As a young designer, I have always been inspired by the little things. I walk around and realize cracks in the concrete that create shapes, enjoy the gradient of a sunset, and see patterns in the most unusual places. It is like music to my eyes. I absolutely love to find meaning in color, shapes, lines, or any other elements of a design. I am a strong believer that everything you put out in the world no matter what it is (poster, advertisement, book, photograph, etc.) should have some type of thoughtful process behind its creation. This post will help you figure out how to find meaning or inspiration for your designs through color.

As I explained in my visual consistency video, color has meaning. If you are designing a poster, for example, find colors that speak to the choices that you will make. Will the background be a washed-out blue because you love that color? Nope! Wrong answer. Think deeper about the choices you make; be in touch with your inner Yoda young grasshopper. You may decide to pick out the washed-out blue because the poster is for a summer concert series where people can relax. Let me break it down for you:

Washed-out?: This could be a gradient of some sort where you could fade a light blue with a white that helps add to the summer time feel.

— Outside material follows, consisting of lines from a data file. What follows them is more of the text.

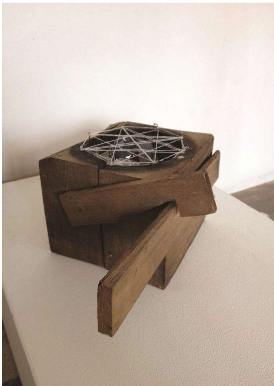
Kapu (2016) Fa, ólomkristály, céna 20x13x15 cm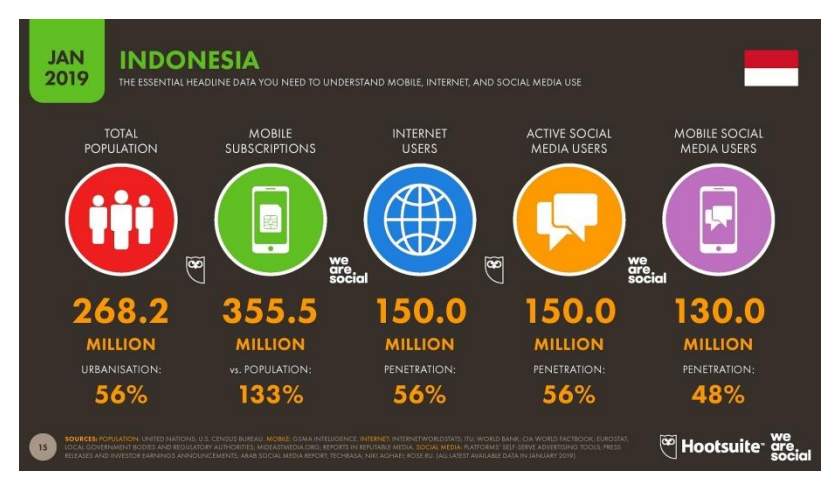
Gambar 1 Jumlah Pengguna Internet di Indonesia, Januari Tahun 2019 (www.hootsuite.com.).

Perkembangan dunia digital ibarat pisau bermata dua, ia dapat bermanfaat atau merugikan. Berkembangnya peralatan digital dan akses akan informasi dalam bentuk digital secara masif mempunyai tantangan sekaligus peluang. Berdasarkan penelitian We Are Social menyebutkan mobile subscriptions menyentuh angka 355,5 juta dengan penetrasi 133% sedangkan mobile social media users mencapai 130 juta dengan penetrasi 48%. Laporan We Are Social mengungkapkan bahwa Orang Indonesia rata-rata menghabiskan waktu untuk berselancar di internet dengan berbagai perangkat hingga delapan jam 36 menit. Sementara, rata-rata berkecimpung di medsos dengan berbagai perangkat hingga tiga jam 26 menit (www.hootsuite.com).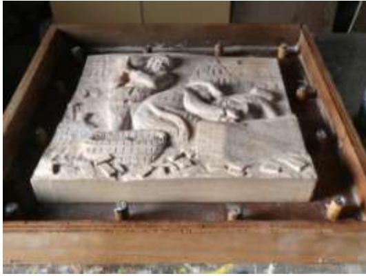
Het bakje met daarin het houtsnijwerk en de gemonteerde lockers.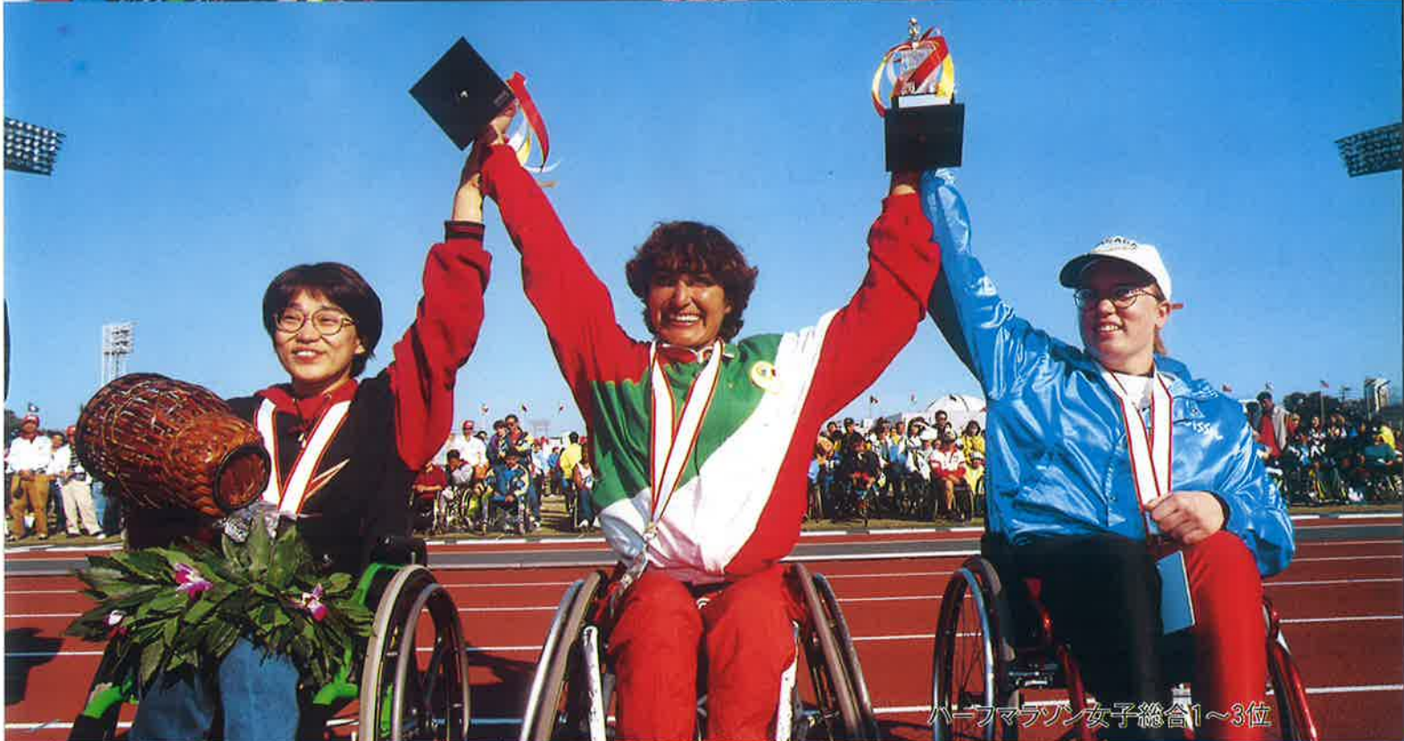
ハーフマラソン女子総合1~3位

Light Blue: Calming, chill, and joyful color that is easy on the eyes and speaks to the feeling of the moment at the concert.

Have your colors speak for your thought process and design. Break down your color choices to give you a clear understanding as to why you have made the choices you have made.

Currently I am developing an identity for a neighborhood in Austin, Texas called Clarksville. It is a wonderful place that I am researching for a design project and recently I gave the place a nice photo session. I was walking around and felt so in touch with the community and instantly felt inspired. I took photos of colors that resonated with the feel of the neighborhood so I could develop a color palette that accurately represents Clarksville.

I recommend finding a way to feel in touch with what you are designing. Are you making a poster for an event? Ask people who have attended the event before to tell you how it made them feel or if it inspired them in any way. Then take those feelings and express them on an art board.

Color is something that gives so much value to life so why not have it give value to your designs.